The Souls Of The Damned
Doctor Strange In The Multiverse Of Madness
To Kevin Feige’s credit, when he hired Raimi to direct the Doctor Strange sequel, he really let him make a Sam Raimi movie. Multiverse of Madness isn’t just another cookie from the Marvel cookie-cutter; when Strange possesses his own zombified corpse and flies on the wings of demons to fight a witch, it almost feels like Evil Dead 4.
But before he can harness the souls of the damned, Strange is yanked into their dimension.

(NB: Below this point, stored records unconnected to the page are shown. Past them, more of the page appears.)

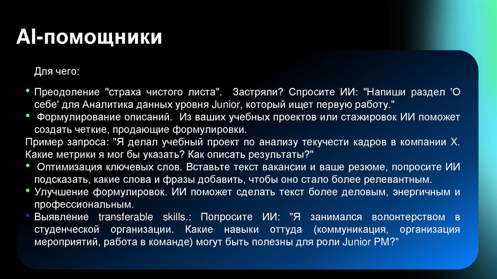• Выявление transferable skills.: Попросите ИИ: "Я занимался волонтерством в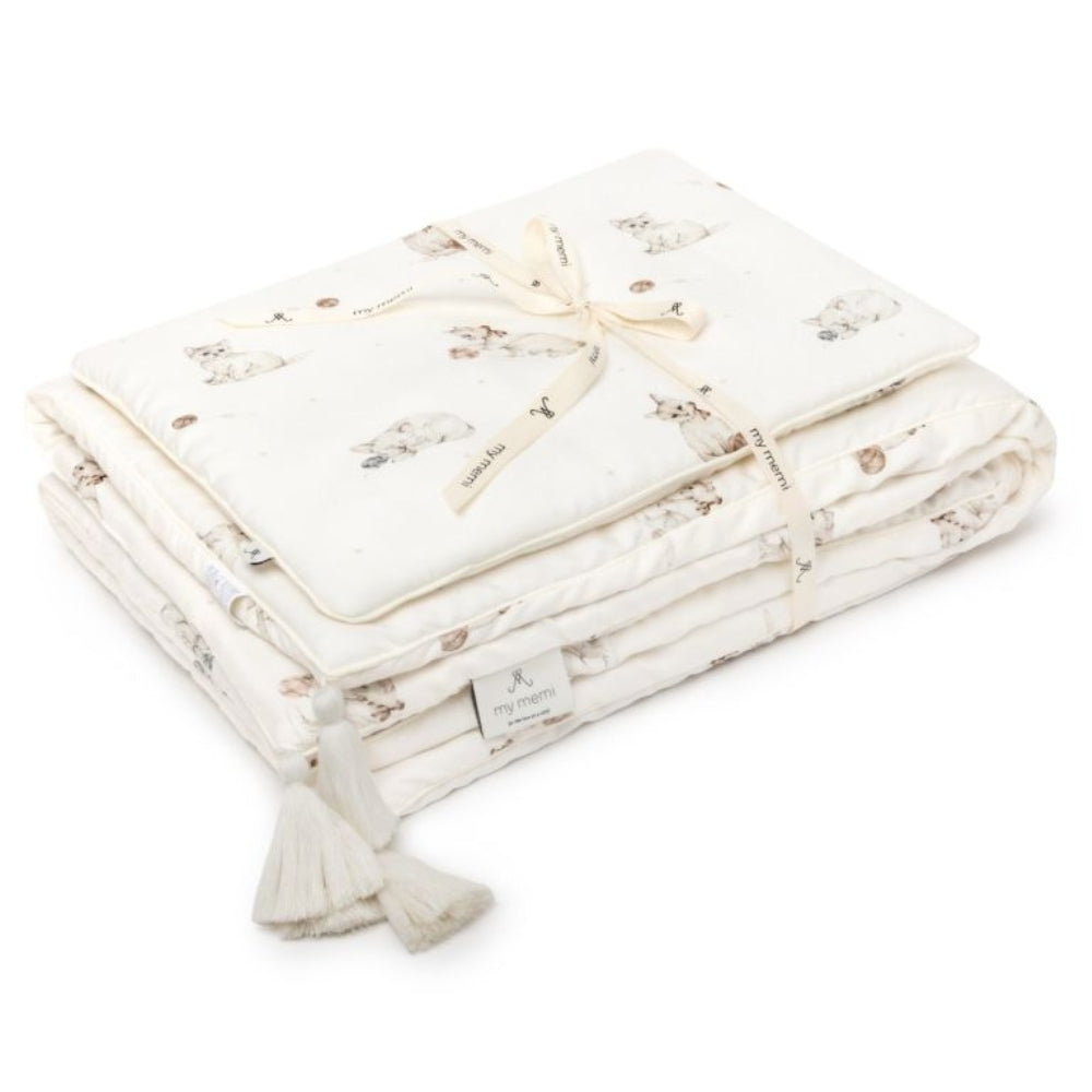 Vă prezentăm un set de lenjerie de pat pentru bebeluși extrem de plăcută la atingere și ușoară pe tot parcursul anului cu umplutură de la Memi.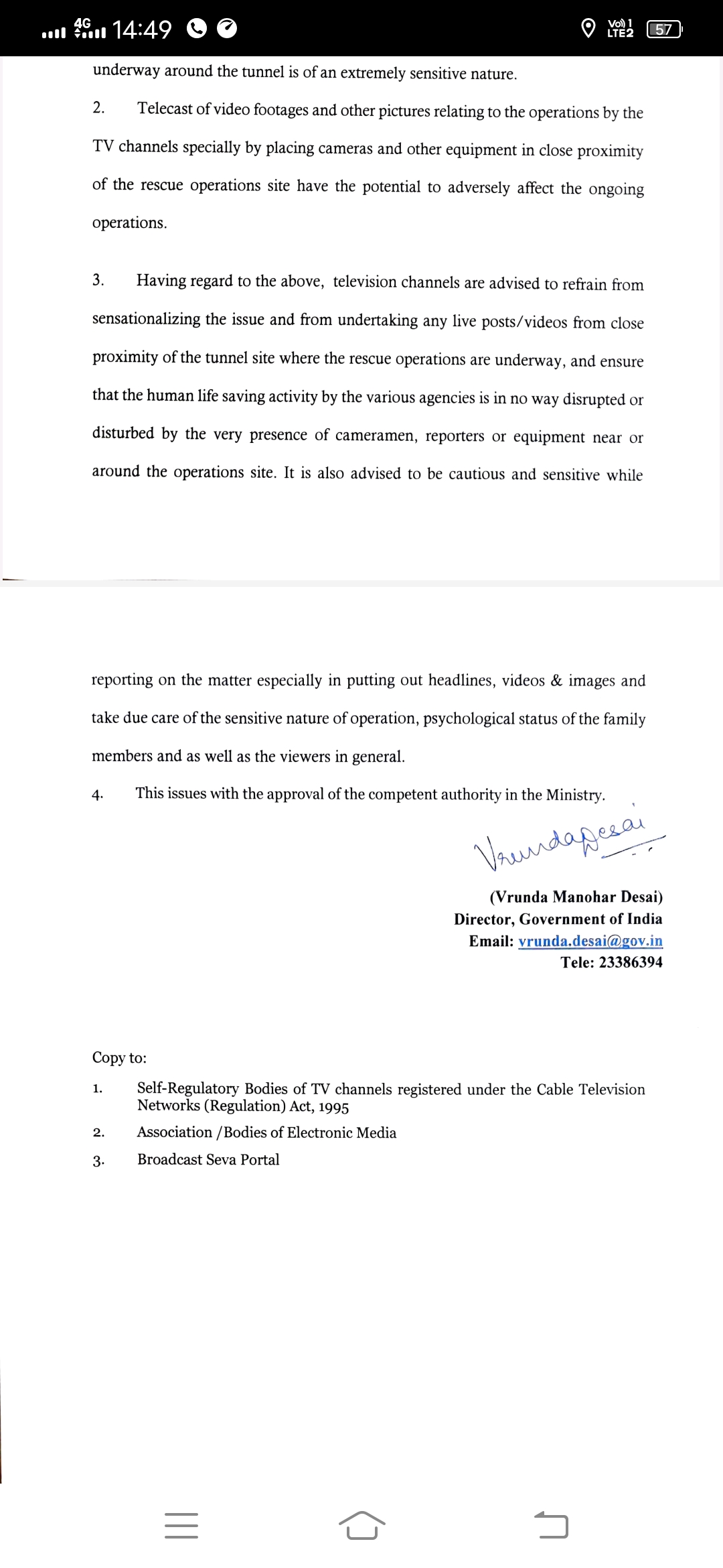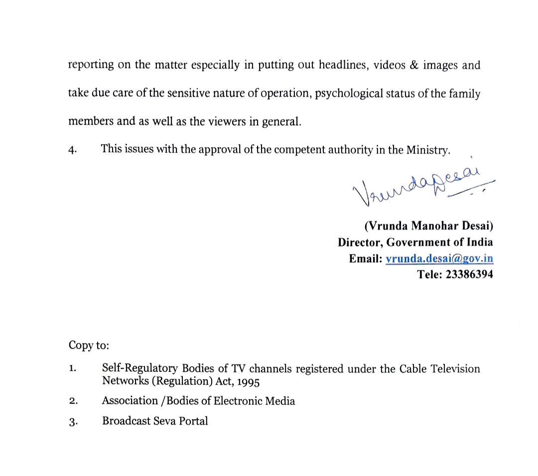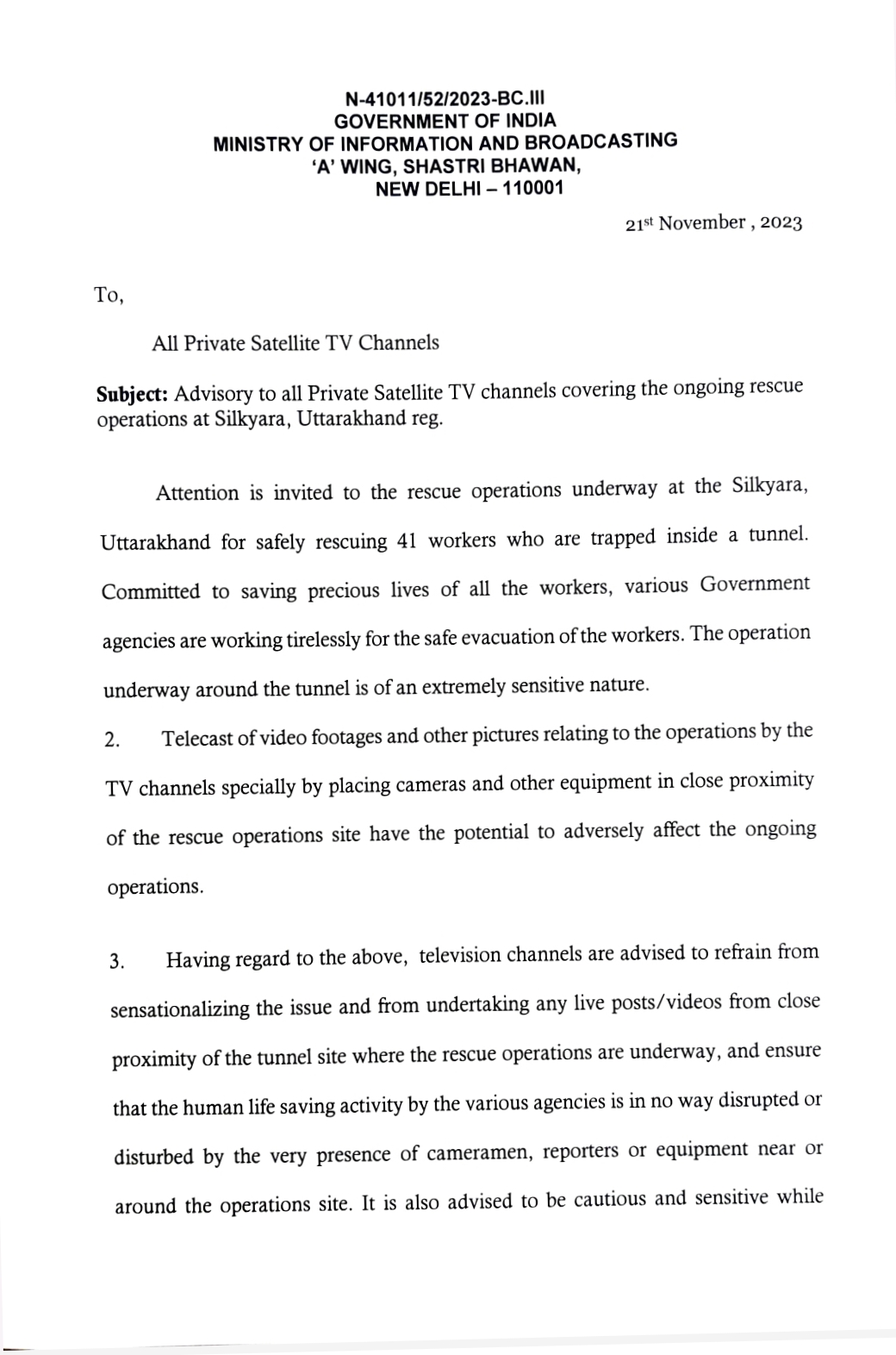उत्तराखंड के उत्तरकाशी जिले में सिलक्यारा टनल में फंसे 41 मजदूरों को निकालने की कवायद लगातार जारी है। इस बीच राहत और बचाव के साथ अच्छी खबर भी आ रही है। सूचना एवं प्रसारण मंत्रालय ने उत्तराखंड के सुरंग में फंसे 41 मजदूरों की घटना की रिपोर्टिंग करने वाले टीवी चैनल के लिए एडवाइजरी जारी की है। मंत्रालय ने सलाह दी है कि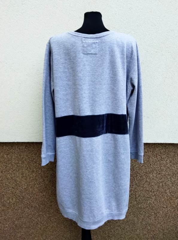 Miła, miękka i wygodna sukienka z dresowej tkaniny w szarym kolorze z granatową welurowa wstawką i białymi napisami. Luźny oversizowy fason w formie długiej bluzy , z kangurkową kieszenią. Wykończona dzianinowymi ściągaczami.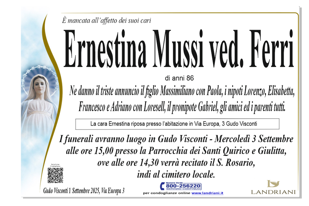 I funerali avranno luogo in Gudo Visconti – Mercoledì 3 Settembre alle ore 15,00 presso la Parrocchia dei Santi Quirico e Giulitta, ove alle ore 14,30 verrà recitato il S. Rosario, indi al cimitero locale.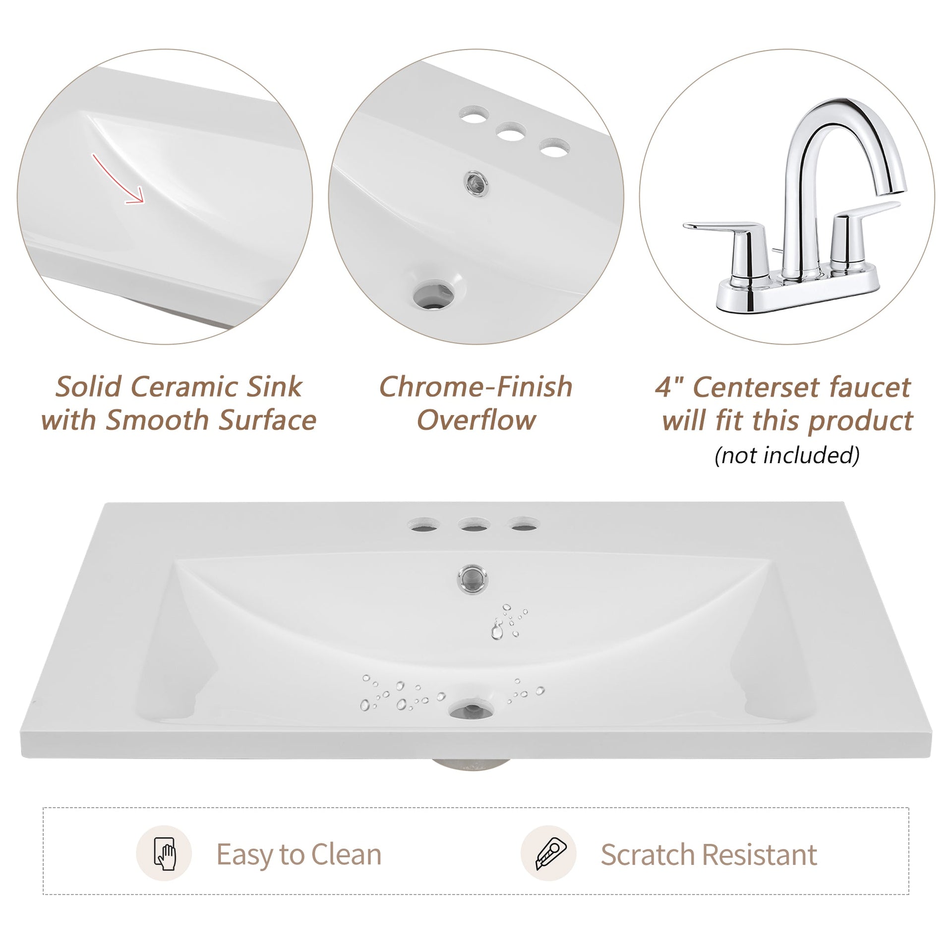 30" Single Bathroom Vanity Top with White Basin 3-Faucet Holes Ceramic White
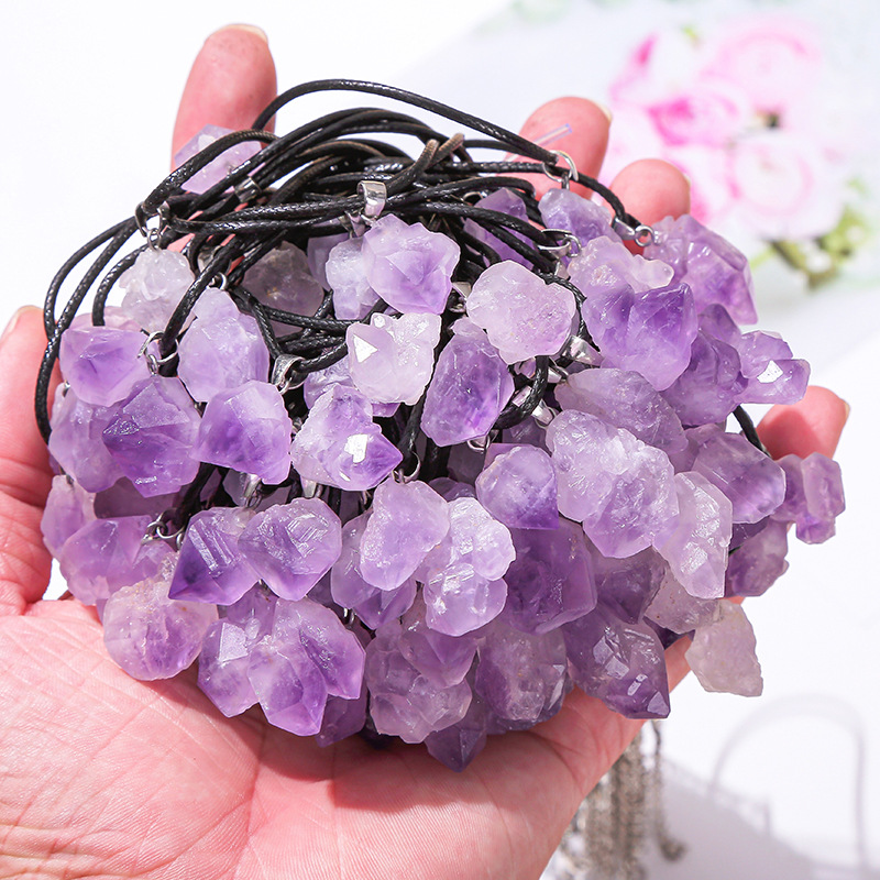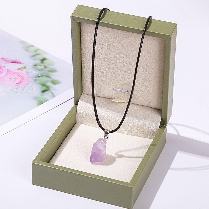 Colar/chocker pronto (montado) em cordão de cor preta, com pingente de pedra natural de ametista (tipo bruto) - mede entre 1.5 cm e 2 cm, aproximadamente. Acabamento da peça em metal prateado. Mede 45 cm (fechado) e tem corrente alongadora de 5 cm (podendo chegar a 50 cm fechado).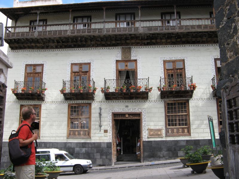 Nach dem Essen fahren wir durch die Berge weiter bis La Laguna, der ehemaligen Inselhauptstadt und Universitätsstadt Teneriffas. In der Altstadt gibt es zwei größere Straßen, gesäumt von alten Häusern meist mit Balkonen, durch die man sehr schön flanieren kann. Besonders interessant ist das Convento Santa Catalina der Dominikanerinnen. Diese Nonnen lebten in Klausur. Daher gibt es einen riesigen gänzlich mit Holz verkleideten Balkon. Durch die Ritzen in der Verkleidung konnten die Nonnen auf die Straße und den Platz schauen, ohne selbst gesehen zu werden.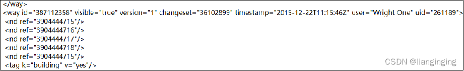 way部分由多个node组成,因此way部分还包含了多个node id(nd),并且组成的way具有其相应的tag,用于表示这个way到底表示什么。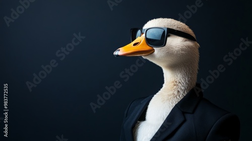 A stylish duck wearing sunglasses and a suit, striking a confident pose against a dark background. Humorous and creative concept.

From the haunted look on Benedict Cumberbatch’s face to the demonic hands dragging him into a mysterious black liquid, this is a truly unsettling visual.
Cheryl’s Transformation Into A Deadite
The Evil Dead
Cheryl defined the tone and aesthetic of the entire Evil Dead franchise when she transformed into a deadite in the original film. What makes The Evil Dead’s demons so different is their twisted sense of humor, conveyed by the horrifying grin on Cheryl’s face.
She levitates, her eyes turn white, and her friends have to lock her in the basement to prevent her from spreading the possession to anyone else. The whole scene has a delightfully chaotic vibe that keeps you on the edge of your seat.
Doc Ock At The Hospital
Spider-Man 2
The scene in which Doctor Octopus awakens in hospital really pushes the boundaries of Spider-Man 2’s PG-13 rating. As the surgeons try to remove his robotic limbs, those limbs spark to life and fight back. The actors playing the surgeons really sell the terror, and the VFX team comes up with plenty of horrific ways for them to die.
This sequence immediately establishes Doc Ock as a formidable threat, but it also establishes that the robotic limbs have a mind of their own. Otto isn’t controlling his cybernetic tentacles; they’re controlling him.
Linda’s Dance
Evil Dead II
With The Evil Dead, Raimi pioneered a whole new subgenre of horror: a cartoonish slapstick approach to horror. He basically reimagined The Three Stooges with a lot more blood and gore. He doubled down on this approach in Evil Dead II, essentially a more overtly comedic remake of the first film.
The pinnacle of The Evil Dead’s cartoonish horror, and the pinnacle of Sam Raimi’s career as a horror filmmaker, is the entrancing sequence when a possessed Linda dances with her own severed head. It’s as darkly funny as it is deeply disquieting.